There are going to be a lot of different opinions on this topic for sure, but I think it's an important conversation.
I believe the competent "general neurologist" is on its way to extinction. That being said, I am referring to general neurologists in the sense that they have been historically--primary outpatient general neurologists who can perhaps take care of 95% of patients that walk through the door throughout the course of their disease, whether it be MG, MS, PD, JME, IIH, ALS, DLB, etc. while being able to perform EMG, EEG, and Botox.

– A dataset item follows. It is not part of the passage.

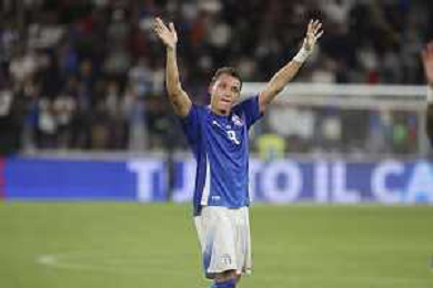 Matteo Retegui of Italy applaud the fans following the final whistle during Italy vs Estonia, European Qualifier, 3nd group match, game at New Balance stadium in Bergamo (BG), Italy, on September 05, 2025. (Photo by Davide Casentini)- AGENZIA ALDO LIVERANI SAS

It is my opinion that the increasing complexity of hospital/emergency neurology along with "neurophobia" of hospital-based providers (along with increase in APPs) has led to a great need for around-the-clock inpatient neurology coverage. This has in turn led to limiting neurology resident exposure to outpatient neurology--even much of what has typically been considered "bread and butter". Unfortunately many residencies in existence today have severely limited outpatient neurology exposure, and you can graduate from many without any significant experience interpreting EMG/EEG. In tandem with severe limitation of outpatient exposure, the expansion of the range of diagnosable conditions and therapeutic options has worsened the problem. Most neurologists know about NMDA, but what about mGluR1 or KLHL11? Those are just a few of a ton of new antibody-associated disorders. Previously graduating neurologists could be competent with Copaxone, interferons, and a handful of AEDs, but now there are about 50 different medications for MS and epilepsy alone, most with unique side effects and varying degrees of required monitoring. Even the headache world has exploded with a wide array of therapeutic options.
That being said, I do believe it is still possible to be a competent "general neurologist" in the classical sense of the phrase (notice I am referring to a competent general neurologist rather than simply a practicing general neurologist that makes good money). I think there are some important prerequisites and required actions. I think you have to be adaptable, hard-working, and intelligent. I think you have to work hard in residency beyond what is required. If you don't complete residency at a place where you graduate with solid experience in EMG/EEG, you will need to do a fellowship or make the decision to refer out for EMG or EEG. With rare exceptions, I think that topping off residency training with additional fellowship training will best equip you to be a good outpatient general neurologist.